Re: Great SWT Program
- From: bbound@xxxxxxxxx
- Date: Sat, 20 Oct 2007 16:32:44 -0000
On Oct 19, 6:08 am, blm...@xxxxxxxxxxxxx <blm...@xxxxxxxxxxxxx> wrote:
The notion that they could gain something from learning a particular
interface implies that it's equal or even superior to others.
I don't agree. Even if you regard all interfaces other than the
currently popular one as inferior -- you know the old adage about
those who don't know the mistakes of history being condemned to
repeat them?
My personal experience has been that students and budding designers
and such will repeat them anyway, and learn from them. This is one of
the things school is for -- to get that phase over with before they
are making stuff for actual consequential purposes instead of as
educational assignments. :)
There's also the distilled wisdom of the usability professionals and
their reams of documents, guidelines, and whitepapers, plus the "copy
something you know works well" approach.
Hell, us Java coders just need to not egregiously abuse the ability to
make custom Swing components and L&Fs to get a UI that should be
decently usable. We concern ourselves with putting the particular
controls into the UI that are needed; Swing concerns itself with
making them work properly with the keyboard and mouse. Larger-scale
usability issues arise of course, such as how to organize things, but
even there there are standard patterns you see everywhere that you can
copy, and the Swing guidelines and Java Tutorial and conventions and
even the way the controls themselves work tends to push one toward
making a "normal" UI.
[ snip interesting speculation ]
"Speculation"? It's a surer bet than whatever your local weatherman is
forecasting for tomorrow. :P
Not those specifically, but what about those hand-hackable config
files with no alternative to modifying them BUT hand-hacking that you
mentioned earlier?
I don't remember ever having a problem finding their names and
locations somewhere in the man pages or other documentation.

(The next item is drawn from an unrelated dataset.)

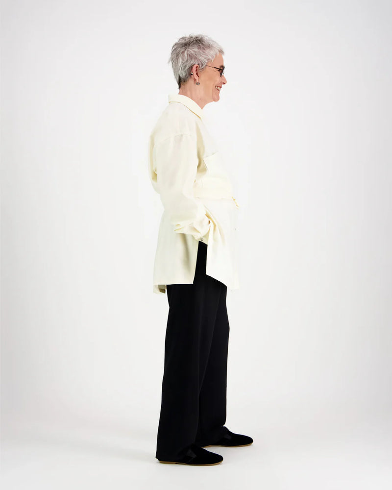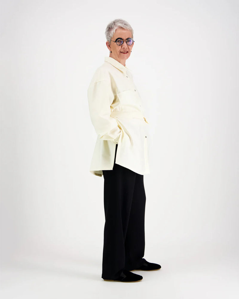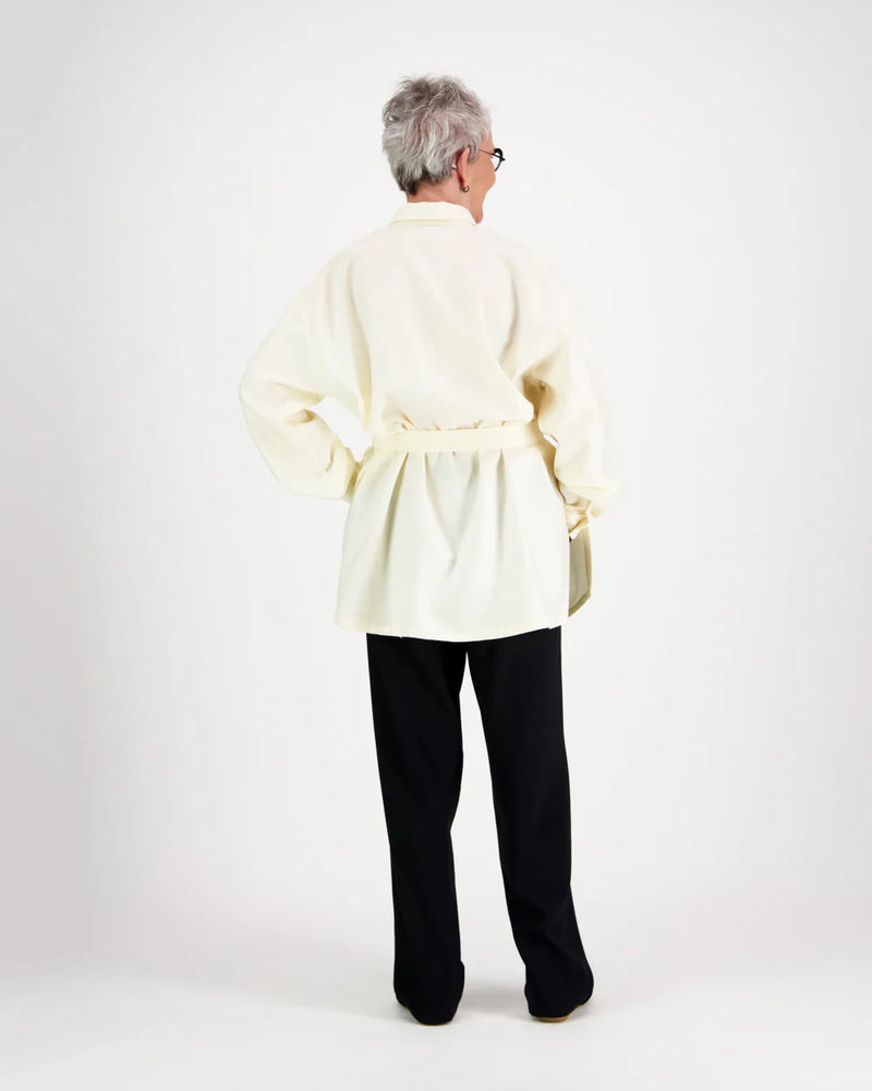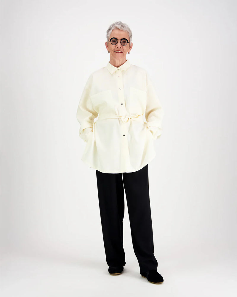 Rento yhden koon kauluspaita. Oversize- paidassa on kaksi rintataskua, nepparit edessä ja hihansuissa, halkiot sivussa. Mukana myös vyö samasta kuosista.

Of course, this is blmblm the weird we're talking about here,
who has the superhuman ability to extract information from the
admittedly imperfect Unix/Linux help. It's possible, too, that
I'm forgetting about some old-style tool that used configuration
files whose locations weren't discoverable via documentation.

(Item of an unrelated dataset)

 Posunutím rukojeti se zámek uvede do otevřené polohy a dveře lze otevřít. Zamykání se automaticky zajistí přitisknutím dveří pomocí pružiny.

"Modern" tools, though, seem not to document at all where they
store configuration information. It's "magic". I think I've
made that point before, though. <shrug>
Usually, they provide their own interface to change the information,
and expect a) only the savvy user or geek-squad repairman to want more
and b) those people to know where to look. There are conventions.
Windoze apps store stuff in their Program Files subdirectory and/or
the registry. The registry has a global search. Put in the app name
and (after a few tens of minutes perhaps) as a general rule you will
find its registry keys, if it has any.
.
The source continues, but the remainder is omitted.